China’s latest armored duo—the Type 100 Main Battle Tank and its support vehicle—are not just new machines. They’re a statement. A declaration that the PLA is ready to leapfrog into the realm of fourth-generation warfare, where sensors, drones, and data links matter more than raw armor thickness.
Visual Identification: A Break from the Past
Forget the familiar lines of the Type 99A or the boxy silhouette of the Type 96. The Type 100 MBT is a different beast:
Unmanned turret with jagged, multi-faceted armor geometry.
- Compact hull with a low profile and reduced weight (~40 t).
- Remote Weapons Station perched atop the turret, often with a 12.7 mm HMG.
- No visible reactive armor blocks—everything is integrated and digital.
The support vehicle is equally distinct:
- Smaller chassis with a 40 mm cannon.
- Vertical launch cells (3×2) for missiles or loitering munitions.
- A radar mast and drone bay—earning it the nickname “mini Aegis destroyer on land.”
Capabilities: More Than Just Metal
The Type 100 MBT is built around a hybrid diesel-electric powertrain, pushing 1,500 hp. It can move silently in electric-only mode, a feature aimed at stealthy maneuvering. Its 105 mm rifled gun, paired with an autoloader, fires high-velocity rounds that supposedly rival NATO’s 120 mm smoothbores.
Protection comes from dual GL-6 active protection systems, electronic warfare jammers, and a full suite of sensors—thermal, laser, UV, IR. The crew, just three people, sit in a heavily armored capsule and wear AR helmets linked to the tank’s digital brain.
The support vehicle complements this with drone control, air defense, and electronic warfare capabilities. It’s designed to extend the MBT’s reach, both kinetically and digitally. It can also carry a two-man team of specialist, initially ATGM team was mentioned, but those could be replaced with snipers/scouts, EW specialists or even a medical team, though knowing the value of a life in the Chinese military that is unllikely.

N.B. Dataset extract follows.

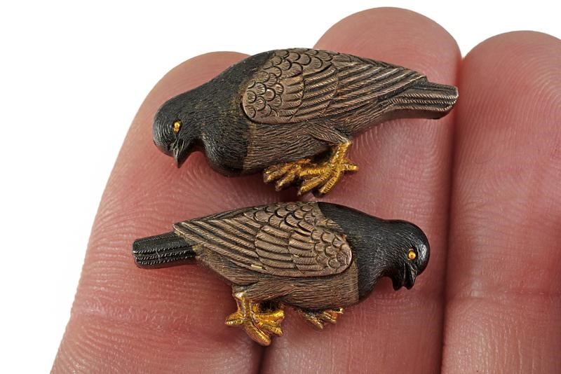 Made of silver, in relief and finely engraved, with finished tail and head, golden legs and eyes. Depicting a pair of pigeons (male and female). Fastening block and the inscription "Naohiro Nagata" at the back. In a kiri-box.

Doctrine: Untested and Unproven
Here’s the catch: none of this has seen combat. The vehicles are impressive on paper and in parades, but China’s armored doctrine remains largely theoretical. The PLA emphasizes simulations, exercises, and centralized control—but how these systems will perform under real battlefield stress is anyone’s guess. Chinese exercises that are shown to foreign observers remain strictly scripted plays with zero improvisation or initiative allowed to the troops or their commanders.
Will the unmanned turret hold up under fire? Can the digital links survive electronic warfare? Will AI-assisted coordination work in the chaos of war?
Until these questions are answered in combat, the Type 100 and its companion remain fascinating—but unproven—entries in the global armor race.
Final Thoughts
Visually distinct, technologically ambitious, and doctrinally bold—the Type 100 MBT and its support vehicle are China’s bet on the future of warfare. Whether that bet pays off will depend not just on engineering, but on experience. And that’s something the PLA still lacks. While the data PLA is constantly receiving from the Russian invasion of Ukraine, both from Moscow and Pyongyang, is valuable, it's not the same tactical or strategic situation, that the Chinese forces would face in the Pacific, Taiwan or South China Sea theaters.